Usage example

To showcase the use of this toolkit, we first create a simple learning task, and then learn an OOM model using spectral learning.

We start by importing the toolkit and initializing a random generator.


In [1]:
import tom
import numpy as np
import matplotlib.pyplot as plt
%matplotlib inline
rand = tom.Random(1234567)

1. The learning task

First, we randomly create a sparse 7-dimensional OOM with an alphabet size of $|\Sigma| = 5$. This describes a stationary and ergodic symbol process. We sample a training sequence of length $10^6$ and five test sequences each of length $10^4$.

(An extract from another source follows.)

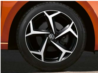
Bonneville 17" alloy wheels (Included in R-Line Package)
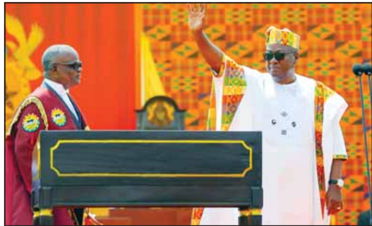
Ghana's President-Elect John Dramani Mahama, waves after taking the oath of office at his inauguration, at the Independence Square in Accra, Ghana, Tuesday, Jan. 7, 2025.

The vice premier led a team to the quake site to guide the rescue and relief efforts. Upon his arrival, Zhang immediately headed to Changsuo Township, the most severely affected area.

We will use initial subsequences of the training sequence of increasing lengths $\{10^2, 10^{2.5}, 10^3, 10^{3.5}, 10^4, 10^{4.5}, 10^{5}, 10^{5.5}, 10^6 \}$ as data for the OOM estimation, and test the performance of the learnt models on the test sequences by computing the time-averaged negative $\log_2$-likelihood.


In [2]:
oom = tom.Oom(7, 5, 0, 20, 1e-7, rand)
train_sequence = oom.sample(10**6, rand)
test_sequences = []
for i in range(5):
    oom.reset()
    test_sequences.append(oom.sample(10**4, rand))
train_lengths = [int(10**(k/2)) for k in range(4,13)]

2. Performing spectral learning

Spectral learning requires the following steps. For details consult the publication: Michael Thon and Herbert Jaeger. Links between multiplicity automata, observable operator models and predictive state representations -- a unified learning framework. Journal of Machine Learning Research, 16:103–147, 2015.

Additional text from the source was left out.